My home zone was five metres square, and had everything I needed to live. I’d been outside twice in the last eight years. Along one side was a kitchen, but I’d never used it. Why bother when I have government supps? That was what I came out for now in fact, to swap the canisters over so it wouldn’t interrupt me for another month.
The lights turned on slowly, exposing the white room. It was featureless, and clean. I loved dirt and grime in the game, but not in real life. I’d heard horror stories of mold colonising an entire room and suffocating a player because he didn’t keep his home zone clean.

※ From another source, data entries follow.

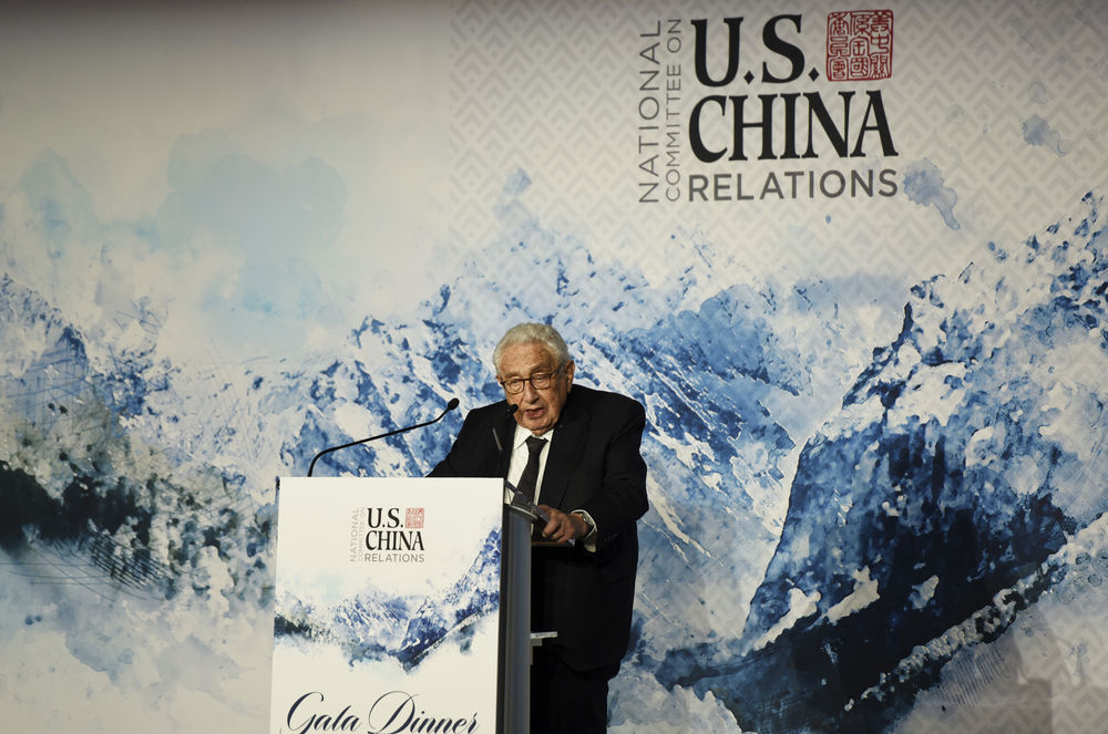 图为2018年11月15日,在美国纽约,美国前国务卿基辛格在美中关系全国委员会年度晚宴上致辞。(新华社记者韩芳摄)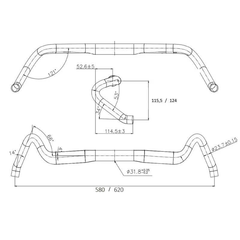 Reach : 52,6mm / Flare : 24° / Sweep : 4° / Drop : 115,5mm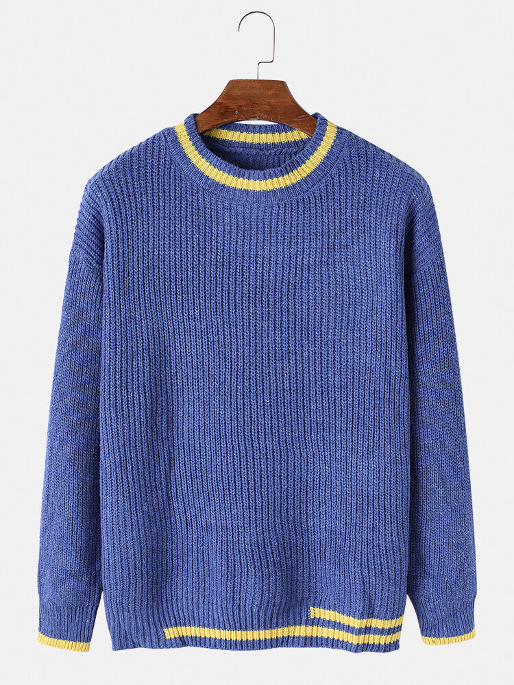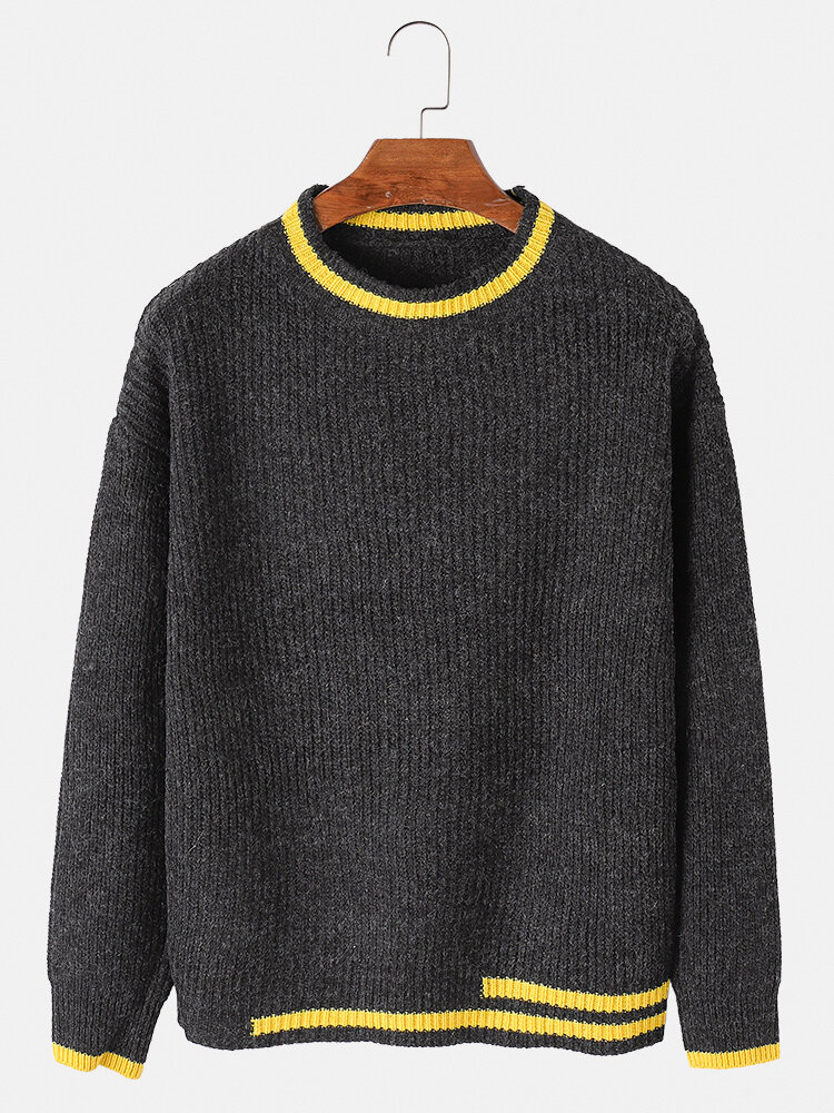Mens Thick Contrast Color Crew Neck Knitted Warm Regular Fit Sweater – M Black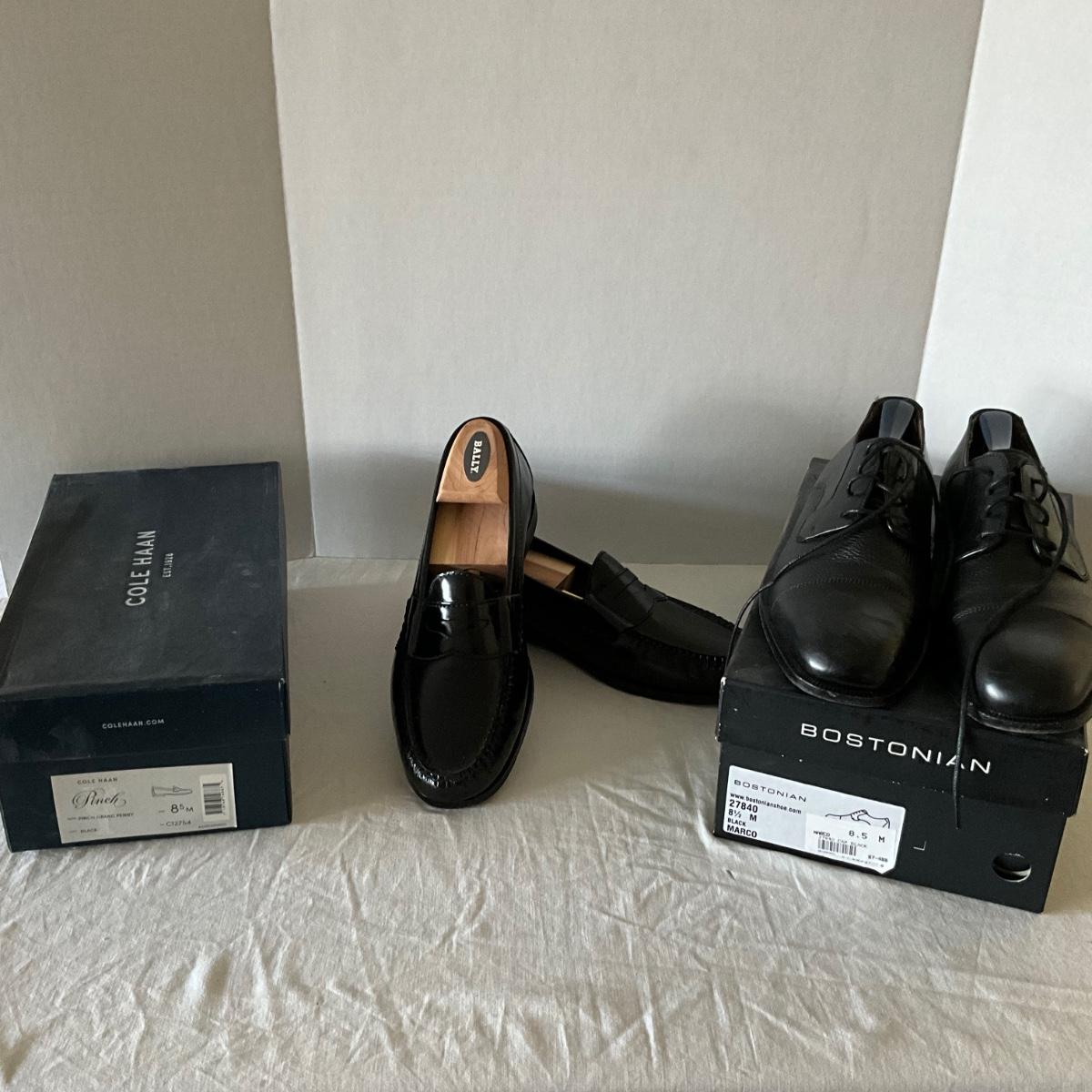 UB2125 Like New Mens COLE HAAN, BOSTONIAN Black Dress Shoes Size 8.5 Med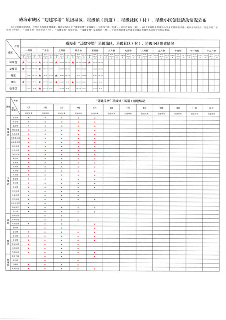 | 5月份威海市城区“违建零增”星级创建活动情况公布 | ||||

My knees cracked as I moved. The receptor pads kept my muscles in shape, but there was no cure for a lifetime of unmoved joints. At the far wall, I pushed a button, opening a hatch. Supps were delivered straight to your home zone, so no need to leave. It was a large, black plastic tub with a feed port in the bottom. I’d made the mistake of opening one up once and looking inside. Supps were everything you needed to live, but it turned out that living wasn’t pretty. I hadn’t looked again.
I swapped the canisters, putting the used one back in the delivery hatch, and set myself back in my pod. It was only then I realised I’d forgotten to take my receptor gloves off. Oh well, just made it quicker to get back in.
The pads reapplied themselves to my body, and the screen lowered itself into position. There was a small electrical shock as the sides of the screen connected with the ports at my temples.
I exited the menu and zoomed back into my own eyes.